Alright, there is an effect here, but **why is it so strong for RNA?**. The max protein measurement might be washing out the effect, perhaps? Or the fitness cost makes the cells divide more slowly, increasing the amount of RNA per cell? Something weird is definitely going on here. I split the tAI into regions and plot it with boxplots:

```{r fig.width=12, fig.height=14, cache=T}
multiplot(
    ggplot(melt(subset(ngs, Promoter=='BBaJ23100'), 
                measure.vars= c('RNA','Count.DNA','Prot','Trans')), 
                aes(y=value, x=cut(tAI, breaks=5), color=RBS)) + 
        geom_boxplot(alpha=0.15) + theme_bw() +
        facet_wrap(RBS~variable, scale='free') +
        opts(title="tRNA adaptation correlations (Strong Promoter)") +
        scale_y_log10("Log10 of Dependent Variable") +
        geom_boxplot(fill=NA, outlier.shape=NA),
    ggplot(melt(subset(ngs, Promoter=='BBaJ23108'), 
                measure.vars= c('RNA','Count.DNA','Prot','Trans')), 
                aes(y=value, x=cut(tAI, breaks=5), color=RBS)) + 
        geom_boxplot(alpha=0.15) + theme_bw() +
        facet_wrap(RBS~variable, scale='free') +
        opts(title="tRNA adaptation correlations (Weak Promoter)") +
        scale_y_log10("Log10 of Dependent Variable") +
        geom_boxplot(fill=NA, outlier.shape=NA),
cols=1)
```

So it looks like max/min is a strong effect but when I include the tAI measures for all sequences, the effect is not very strong (though still significant) when I include sequences not explicitly designed to have a high rare codon usage.

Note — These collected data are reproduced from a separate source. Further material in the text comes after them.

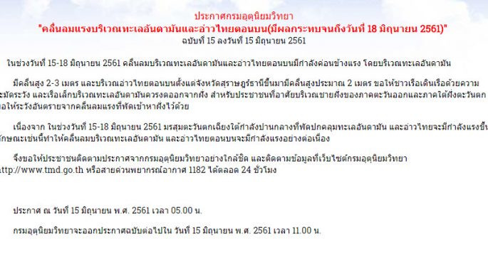 กรมอุตุนิยมวิทยาเตือนประเทศไทยจะมีปริมาณฝนเพิ่มขึ้น บริเวณภาคเหนือ ภาคตะวันออกเฉียงเหนือ ภาคตะวันออก และภาคใต้ตอนบน ขอให้ประชาชนที่อาศัยอยู่ในพื้นที่เสี่ยงภัยระวังอันตรายจากฝนที่เพิ่มขึ้นและฝนที่ตกสะสมไว้ด้วย สำหรับกรุงเทพฯ และปริมณฑล มีเมฆเป็นส่วนมาก กับมีฝนฟ้าคะนอง 60% ของพื้นที่ ส่วนมากในช่วงระหว่างบ่ายถึงค่ำ ส่วนบริเวณทะเลอันดามันมีคลื่นสูง 2-4 เมตร และบริเวณอ่าวไทยตอนบนตั้งแต่จังหวัดสุราษฎร์ธานีขึ้นมาห่างฝั่งมีคลื่นสูง 2-3 เมตร .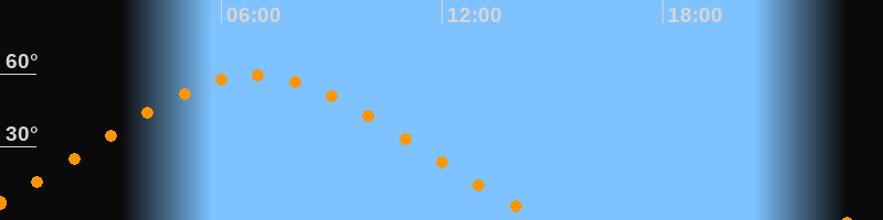 | Höchster Stand (Kulmination) | 06:55 Uhr (h = 59,4°) |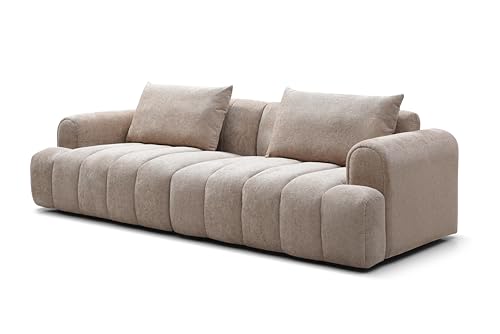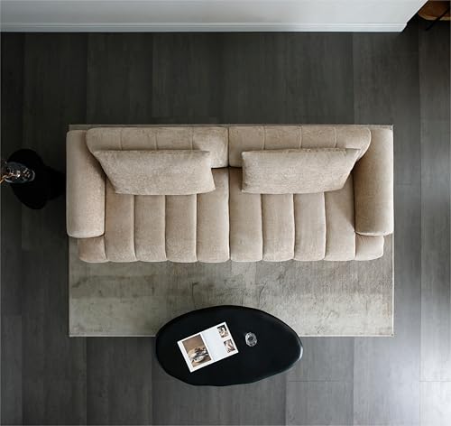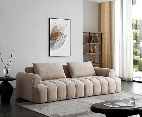 Modern Sectional Sofa, 4-Seater, Premium Upholstered Sofa Couch for Living Room Apartment Small Space (Teddy + Beige)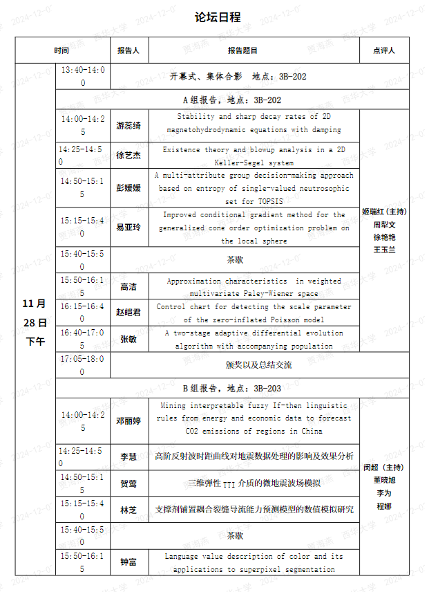 betway西汉姆联平台2024年研空生学术活动月学术报告—2024蓉城三校数学学科研究生联合论坛
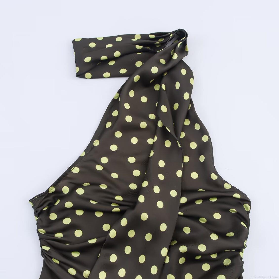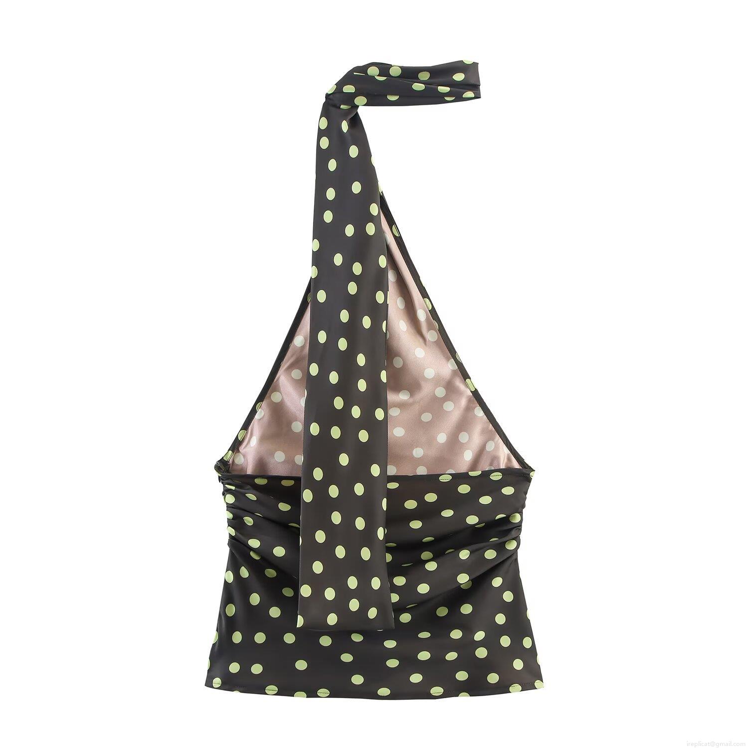 Women's Polka Dot Halter Neck Top And Flared Pants Set Satin Texture Backless Sexy Two Piece Outfits For Daily Party Vacation Chic Summer Autumn Wear

What if we split it up into the extremes, the 1% and 99% quantiles: 

```{r fig.width=12, fig.height=14, cache=T}
multiplot(
    ggplot(melt(subset(ngs, Promoter=='BBaJ23100'), 
                measure.vars= c('RNA','Count.DNA','Prot','Trans')), 
                aes(y=value, x=cut(tAI, 
                    breaks=c(0,quantile(ngs$tAI,c(.01,.99)),1), 
                    labels=c('5%','mid','95%')),
                    color=RBS)) + 
        geom_boxplot(alpha=0.15) + theme_bw() +
        facet_wrap(RBS~variable, scale='free') +
        opts(title="tRNA adaptation correlations (Strong Promoter)") +
        scale_y_log10("Log10 of Dependent Variable") +
        geom_boxplot(fill=NA, outlier.shape=NA),
    ggplot(melt(subset(ngs, Promoter=='BBaJ23108'), 
                measure.vars= c('RNA','Count.DNA','Prot','Trans')), 
                aes(y=value, x=cut(tAI, 
                    breaks=c(0,quantile(ngs$tAI,c(.01,.99)),1), 
                    labels=c('5%','mid','95%')),
                    color=RBS)) + 
        geom_boxplot(alpha=0.15) + theme_bw() +
        facet_wrap(RBS~variable, scale='free') +
        opts(title="tRNA adaptation correlations (Weak Promoter)") +
        scale_y_log10("Log10 of Dependent Variable") +
        geom_boxplot(fill=NA, outlier.shape=NA),
cols=1)
```

So even plotting the top 1% and the bottom 1% of tAI values is not as strong as the difference between min/max rare codon types. It seems as if the min/max rare constructs have some other property that tAI alone is not catching. Could it be re-use of the same tRNA for consecutive codons? Some other metric of codon usage? It is unclear, but I will have to explore further.